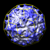 Icosahedral Cage CommandAdds hkcage command to display hexagonal mesh on an icosahedron. Illustrates arrangement of proteins on a virus capsid. Included in Chimera version 1.2456.
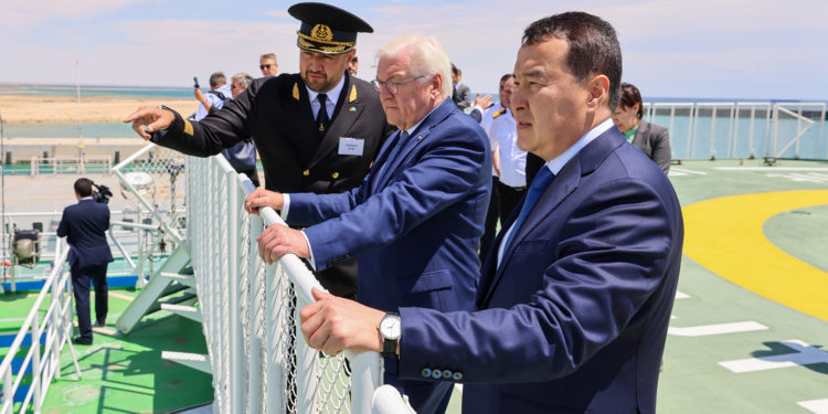 В ходе государственного визита в Казахстан Федеральный Президент Германии Франк-Вальтер Штайнмайер в сопровождении Премьер-Министра РК Алихана Смаилова посетил порт Курык и ознакомился с новыми транспортно-логистическими проектами в рамках развития Среднего коридора.
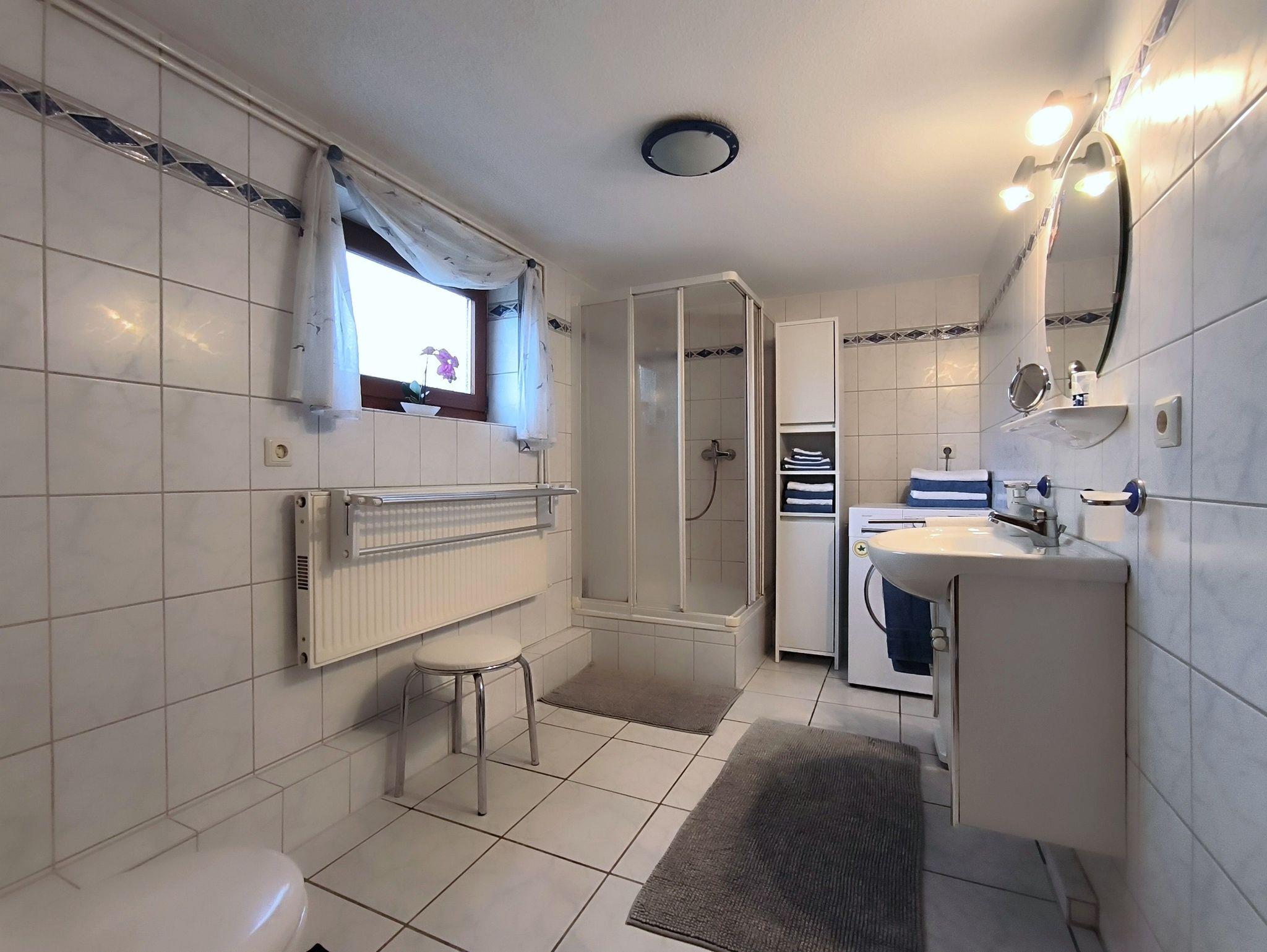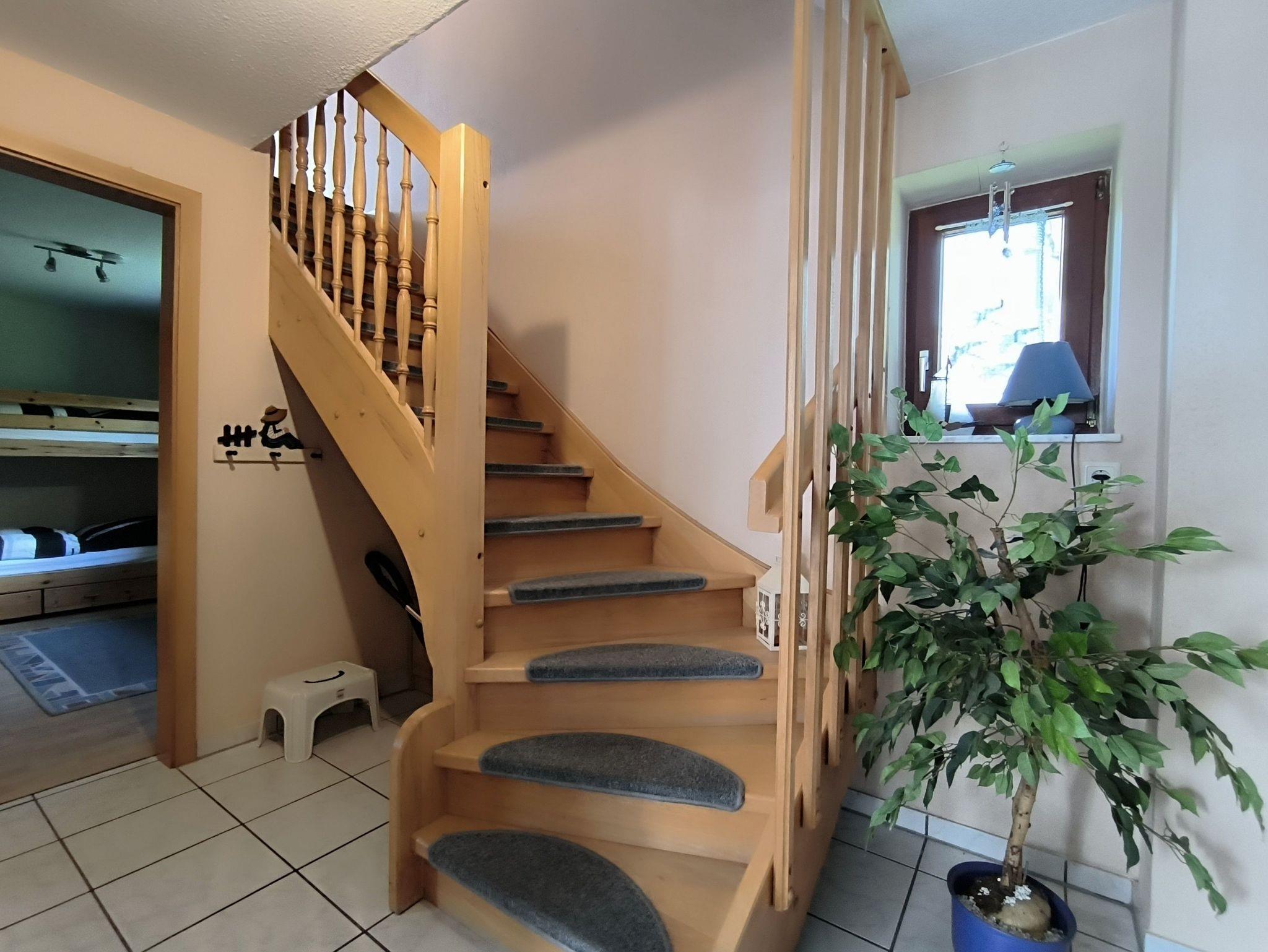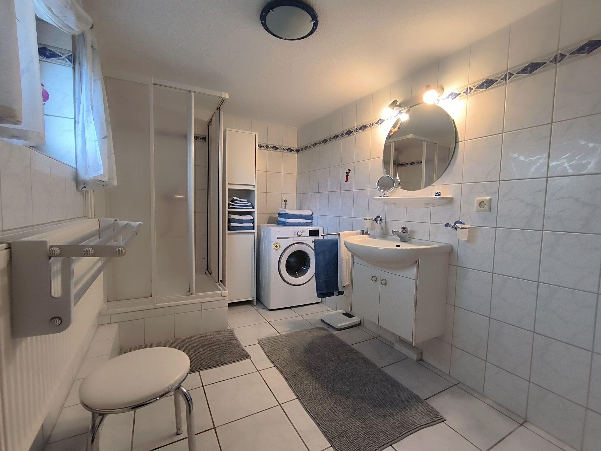Die gemütliche und helle Souterrain-Ferienwohnung im Haus Kampen erstreckt sich über zwei Etagen auf 90qm in einem Einfamilienhaus im Bollingstedter Ortsteil Gammellund. Im ebenerdigen Soutterain befinden sich ein Schlafzimmer mit Etagenbett, eine gut ausgestattete Küche mit einer Essecke und einer kleinen Speisekammer sowie das geräumige helle Duschbad mit Waschmaschine und Trockner. Über die Treppe geht es hinauf ins Erdgeschoss mit schönem Ausblick in den Garten - hier befinden sich das Wohnzimmer mit bequemen Sitzmöbeln und ein Schlafzimmer mit Doppelbett und anliegendem WC. Die Ferienwohnung hat einen getrennten Eingang vom Innenhof des Hauses aus: Der sonnige Innenhof und der Garten sind mit Gartenmöbeln ausgestattet und dürfen von den Gästen genutzt werden. Am Haus befindet sich eine 3,5 kw - Steckdose zum Laden von E-Autos (das spezielle Ladekabel muss mitgebracht werden).
★ ★ ★ ★
== Task directions ==
Write out again exactly the lines from the start of the data above through the line containing "В ходе государственного", inclusive, excluding any pictures.

== Written solution ==
 Icosahedral Cage CommandAdds hkcage command to display hexagonal mesh on an icosahedron. Illustrates arrangement of proteins on a virus capsid. Included in Chimera version 1.2456.
 В ходе государственного визита в Казахстан Федеральный Президент Германии Франк-Вальтер Штайнмайер в сопровождении Премьер-Министра РК Алихана Смаилова посетил порт Курык и ознакомился с новыми транспортно-логистическими проектами в рамках развития Среднего коридора.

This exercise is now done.